Macrophages M2 Polarization and Tumor Progression

Exosomes derived from tumor cells contain immunomodulatory and pro-angiogenic proteins, which can enhance immunosuppression and angiogenesis ability, thereby making recipient cells more aggressive and more prone to metastasis (Ekström et al., 2014). For example, exosomal cytoskeleton-centric proteins derived from CRC cells can be functionally transported to bone marrow-derived macrophages, and promote cancer-associated inflammation in exosome-educated macrophages through cathepsin B activity, pro-inflammatory cytokine secretion and the proportion of polarized cells (Chen et al., 2016). Coculture with apoptotic prostate cancer cells increases the expression of milk fat globule EGF factor 8 (MFG-E8) in macrophages, which of high expression in tissues and serum exosomes, finally suppresses the pro-inflammatory response and stimulates macrophage polarization into the activated M2 phenotype (Soki et al., 2014).

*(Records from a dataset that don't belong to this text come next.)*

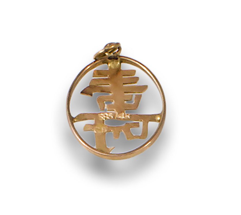 Colgante de oro amarillo de 14 kt. con kanjis japoneses. Peso: 0,79 gr. Peso: 0,79 gr.
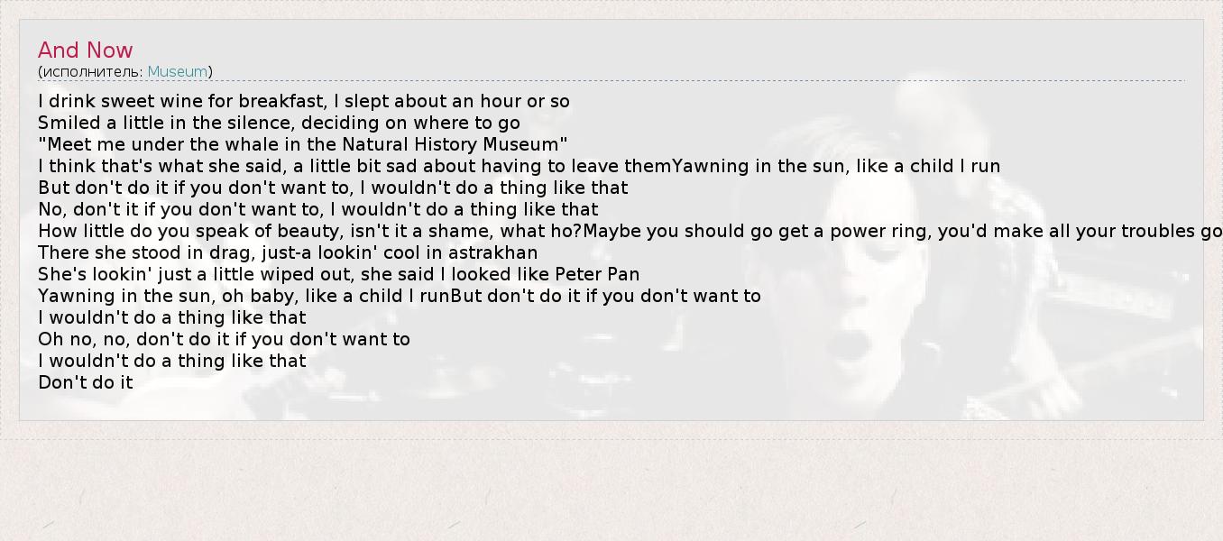 Это интересно:Museum - немецкая группа, играющая альтернатив-рок. Свои первые записи стали выпускать в 2010, а спустя два года официально дебютировали альбомом "Traces Of". В настоящее время работают над вторым альбомом.
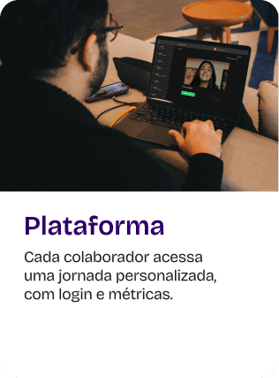Cada colaborador acessa uma jornada personalizada, com login e métricas.
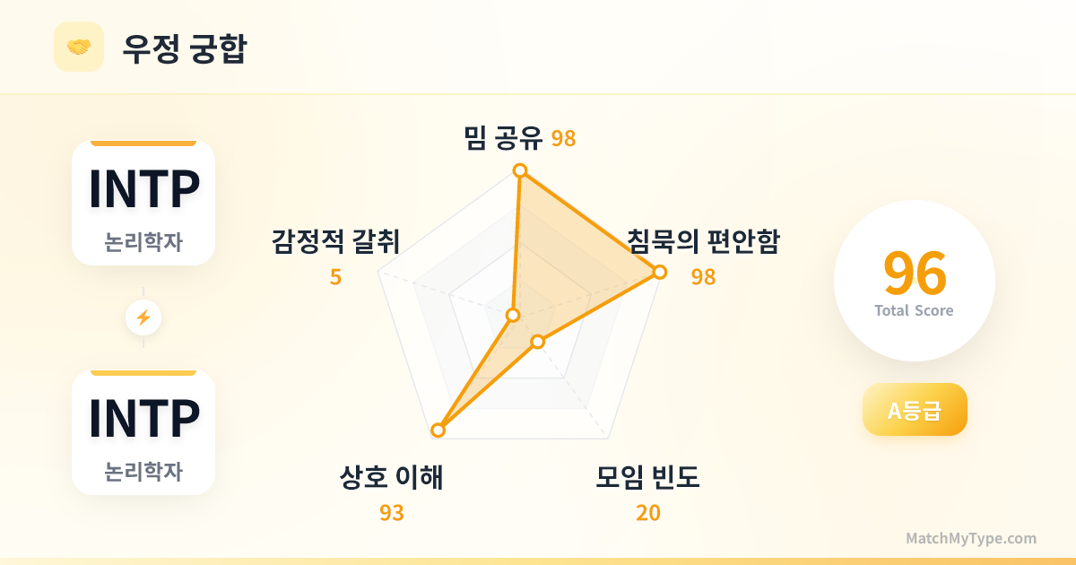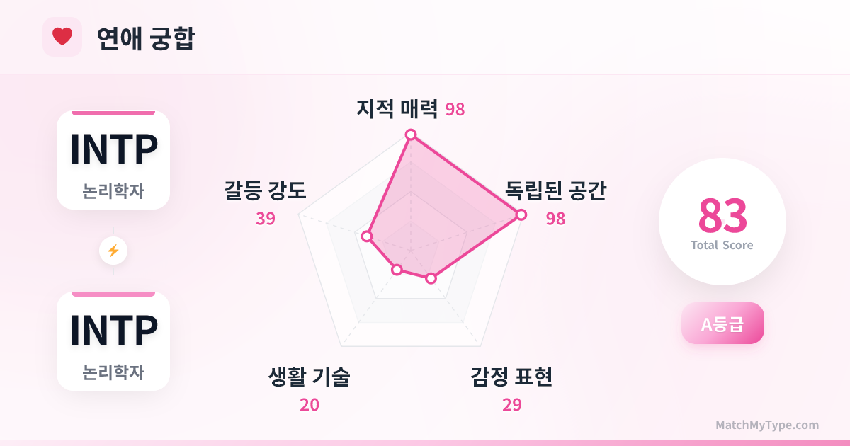 INTP와 INTP의 결합은 흔히 '두 로봇의 첫사랑'이라 불립니다. 이는 매우 에너지를 아끼고 효율적이며 순수한 관계입니다. 여러분은 존재감을 확인하기 위해 쉴 새 없이 떠들 필요도 없고, 사랑을 증명하기 위해 드라마틱한 싸움을 벌일 필요도 없습니다. 여러분의 세계에서는 '사랑'보다 '이해'가 더 중요하며, 이해하는 것이 곧 가장 수준 높은 사랑입니다.
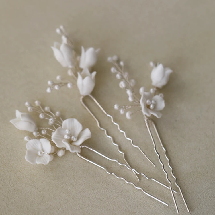 Bridal Jewelry Porcelain Flower Hairpins Silver Color Hair Pin Clip For Brides Bridesmaids Women Head Pieces Wedding Accessories
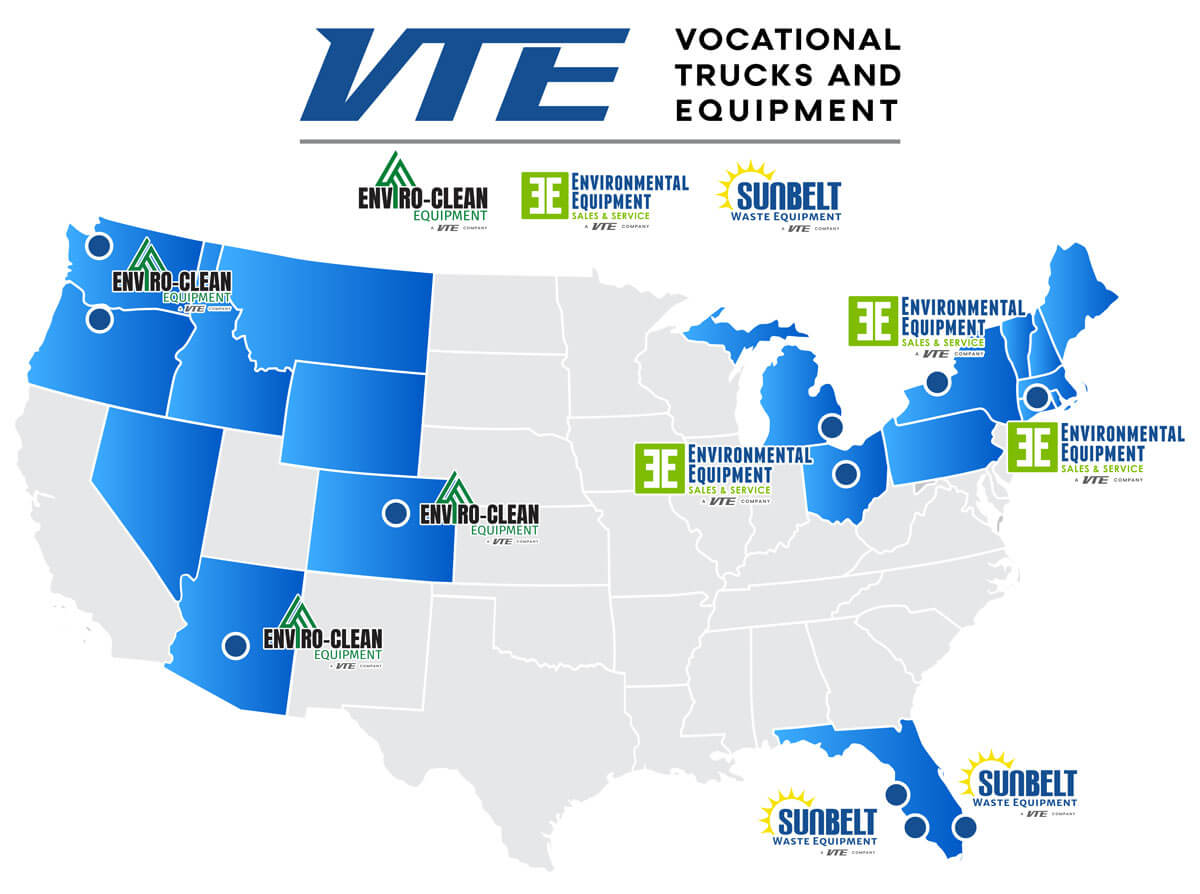 Enviro-Clean is proud to be part of the Vocational Trucks and Equipment (VTE) dealer group. As the nation’s leading provider of essential environmental services equipment, VTE companies best brands, expert teams, and locations across the nation deliver trusted solutions and unmatched support for fleets from coast to coast.

Additionally, the level of CKLF-like MARVEL transmembrane domain-containing 6 (CMTM6) is positively associated with the higher pathological stage of OSCC patients, CD163+ macrophage infiltration and PD-L1 expression. Exosomes from OSCC cells can deliver CMTM6 to macrophages and promote M2-like macrophage polarization to facilitate cells proliferative, migration and invasion through ERK1/2 signaling (Pang et al., 2021). High-mobility group box transcription factor 1 (HMGB1) containing exosomes can successfully trigger the clonal expansion of programmed cell death protein 1 positive (PD1+) TAMs, and finally facilitate esophageal squamous cell carcinoma (ESCC) development. Combining PD1+ TAMs targeting with exosomal HMGB1 would be an effective measure in immunotherapy (Li et al., 2019). Highly enriched of glycoprotein 130 (gp130) from breast cancer (BC)-derived exosomes triggers the secretion of interleukin-6 (IL-6) and activate the IL-6/STAT3 pathway (Ham et al., 2018). Furthermore, it has been found that serglycin exists in the exosomes derived from all human myeloma cell lines. Exosomal serglycin significantly promotes the proliferation and invasion of myeloma cells, and increases the migration of macrophage. In all, in myeloma-derived exosomes, serglycin and its binding partner are transferred to target cells, by which the recipient cells are reprogrammed to facilitate cancer progression (Purushothaman et al., 2017).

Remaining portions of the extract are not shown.